Are you more secure than a malicious alien race?

June 22, 2005
Written by James West

Anyone with a decent knowledge of IT laughs at the portrayal of computer security in the movies and on TV.

If you believe what you watch, all you need to do to break into a sophisticated, secure system is simply find the “back door”, usually opened by keying the name of the lead programmer’s children into a field called “backdoor password”. Matthew Broderick almost blew up the world hacking into the military’s computers in the film War Games using this very approach. It is not just humans who are woeful at providing adequate IT protection – in the film Independence Day, who would have guessed that an alien race advanced enough to travel across the universe could be thwarted by a computer virus fired at it by a G3 PowerBook?

Fortunately, the insistence by the mass media that every PC is infected with a virus that will blow up if the hard drive spins at less that 55rpm is also an absurd exaggeration. Most companies have strong IT security and anyone trying to enter through a door, whether it be located at the front, the back or the side is likely to find said doors repeatedly slammed in their face. Unfortunately, the back door so often used as a fictional plot device does exist, but it is now potentially being opened from the inside. The use of removable storage media is rife now as a report of 300 IT professionals by IT security company Pointsec attests to. 84 per cent of those quizzed are aware of the use of removable media in their organisation and almost a third of employees use them in the office. In many cases, portable storage is being used without authorisation, according to a third of those polled.

Although it may seem obvious to highlight portable storage as a serious security issue, many IT professionals are overlooking it. Another survey, this time by asset management company LANDesk, revealed that 64 per cent of IT managers think that laptops pose a greater threat to security than portable storage devices.

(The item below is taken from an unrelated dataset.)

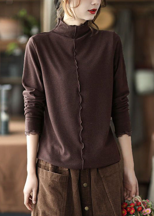 New Coffee Turtleneck Ruffled Patchwork Cotton Top Long Sleeve

The fact that laptops are physically impossible to sneak in and out of an organisation, and relatively easy to police as part of an overall asset network, has been missed by many according to this report.Let’s not get hysterical here. Most of the people using these portable storage devices are perfectly trustworthy, most of them are probably holding personal information: MP3s, holiday photos and the like. Don’t forget that this is not an entirely new phenomenon – the ability to remove data from a business has been possible for some time, with floppy discs and more recently zip discs and CDs readily available. The reason that the issue is pertinent now is that the amount of data that could be removed is so much greater, and the tiny nature of the devices make them virtually undetectable.

In short, in terms of pure capacity, it would be very easy for someone to rip off the sales database and walk out of the building never to return. To put this into perspective, Pointsec says someone armed with a USB drive which doubles as a pen would be able to swipe 160,000 documents.

Policing this kind of activity is difficult, but it is certainly crucial to the business. The problem is drawing the line between stopping people stealing company information (or bringing damaging software through the firewall), and stopping people working effectively. The rise in home working is complicating this issue – just as staff are looking for flexibility in their working practices, IT is having to lock everything down.

How to achieve the right balance will be revealed in part by experimentation, common sense and adapting current security policies. Vendors such as Pointsec say that encryption is the solution, as data can only be used on suitable machines. Doubtless there will be other solutions offered, but in the short term it would be wise for any IT or support manager to investigate this problem and start to look at the available options, before the whole security issue becomes an embarrassment worthy of a Hollywood script writer.